> **Records for this exercise**
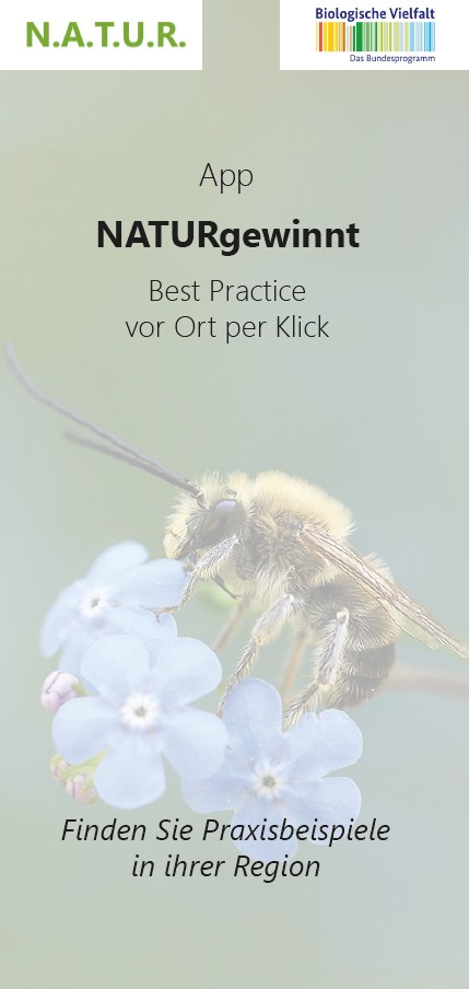 Flyer zur Erläuterung unserer App "NATURgewinnt" - Best Practice vor Ort per Klick. Mit dieser App können Sie vorbildliche naturnahe Flächen und herausragende Stadtnatur-Maßnahmen in Städten und Dörfern digital kennenlernen und durch genaue GPS-Lo...
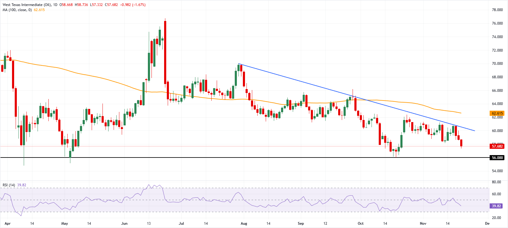 在撰写本文时,西德克萨斯中质原油(WTI)价格在周五约为 57.60 美元,日内下跌 1.90%。
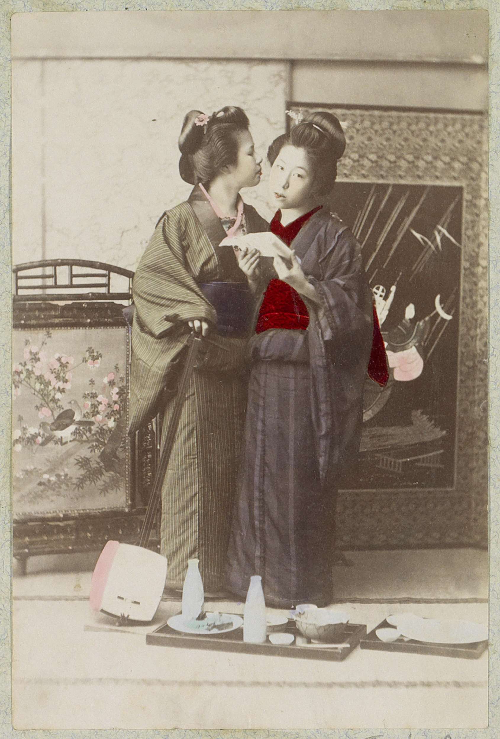 Portret van twee Japanse vrouwen, met kamerschermen ...
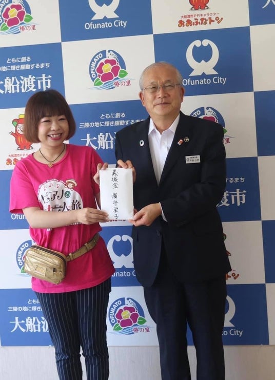 濱守栄子(左)と元大船渡市長(右)義援金寄付の様子。
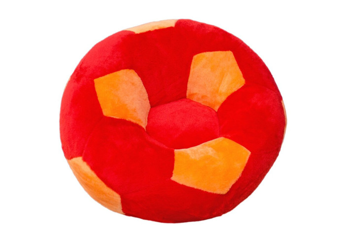 - крісло у вигляді м'яча виготовлено з безпечного та якісного штучного хутра червоно-оранжевого кольору.
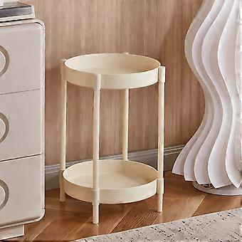 Modern Round Side Table with 2 Tiers, Plastic and Steel Frame for Living Room or Bedroom
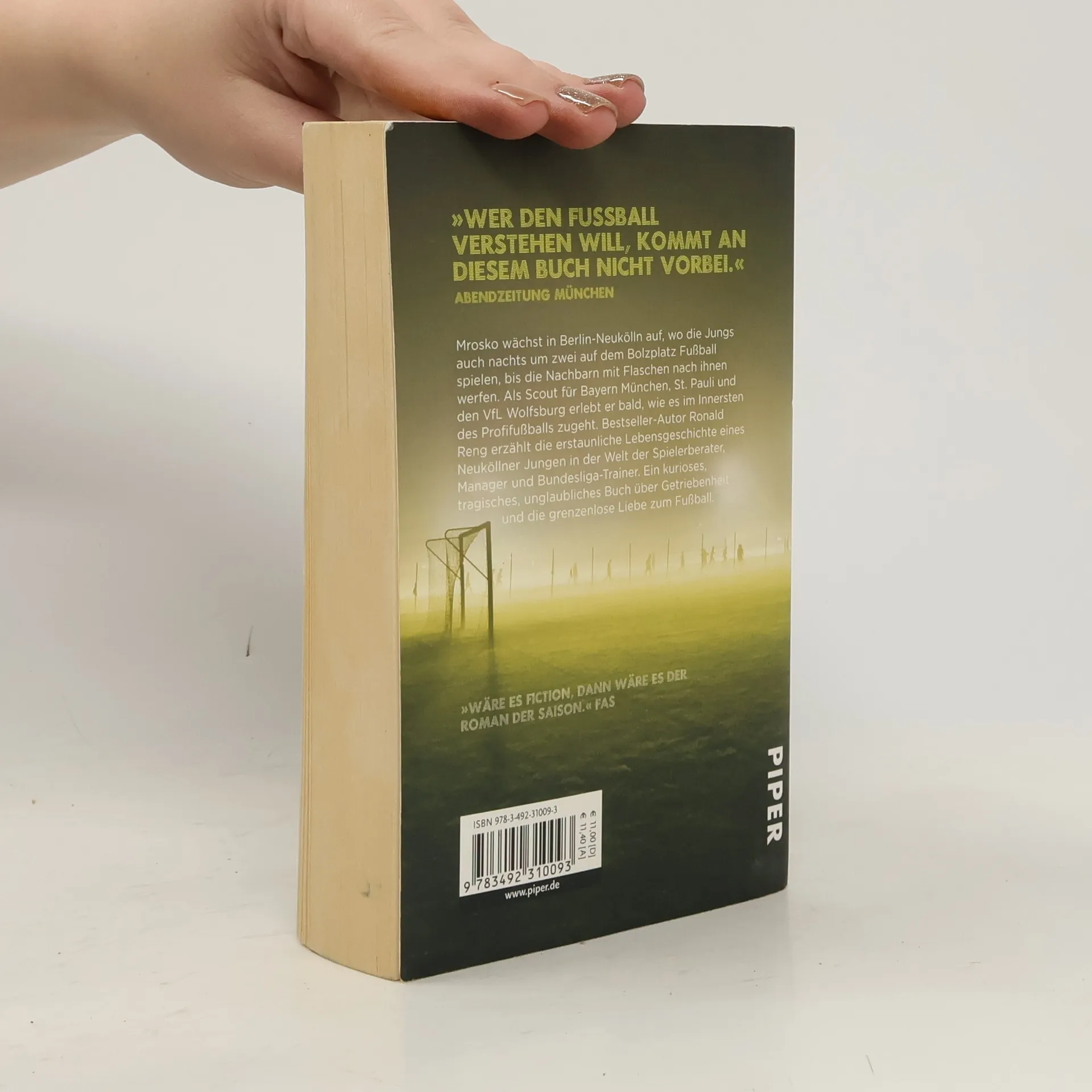 Lars Mrosko wächst in Berlin-Neukölln auf, wo die Jungs auch nachts um zwei auf dem Bolzplatz Fußball spielen, bis die Nachbarn mit Flaschen nach ihnen werfen. Als Scout für Bayern München, St. Pauli und den VfL Wolfsburg erlebt er bald, wie es im Innersten des Profifußballs zugeht. Auf der Jagd nach den besten Spielern durchkämmt er Trainingsplätze in ganz Europa. – Bestsellerautor Ronald Reng erzählt die erstaunliche Lebensgeschichte eines Neuköllner Jungen in der Welt der Spielerberater, Manager und Bundesliga-Trainer. Ein kurioses, tragisches, unglaubliches Buch über Getriebenheit und die grenzenlose Liebe zum Fußball.

> **What the exercise asks**
Starting from the line with "濱守栄子(左)と元大船渡市長(右)義援金寄付の様子。" in the records above, repeat each line exactly until you have written the line with "Modern Round Side", then stop; drop the pictures.

> **Result below**
 濱守栄子(左)と元大船渡市長(右)義援金寄付の様子。
 - крісло у вигляді м'яча виготовлено з безпечного та якісного штучного хутра червоно-оранжевого кольору.
 Modern Round Side Table with 2 Tiers, Plastic and Steel Frame for Living Room or Bedroom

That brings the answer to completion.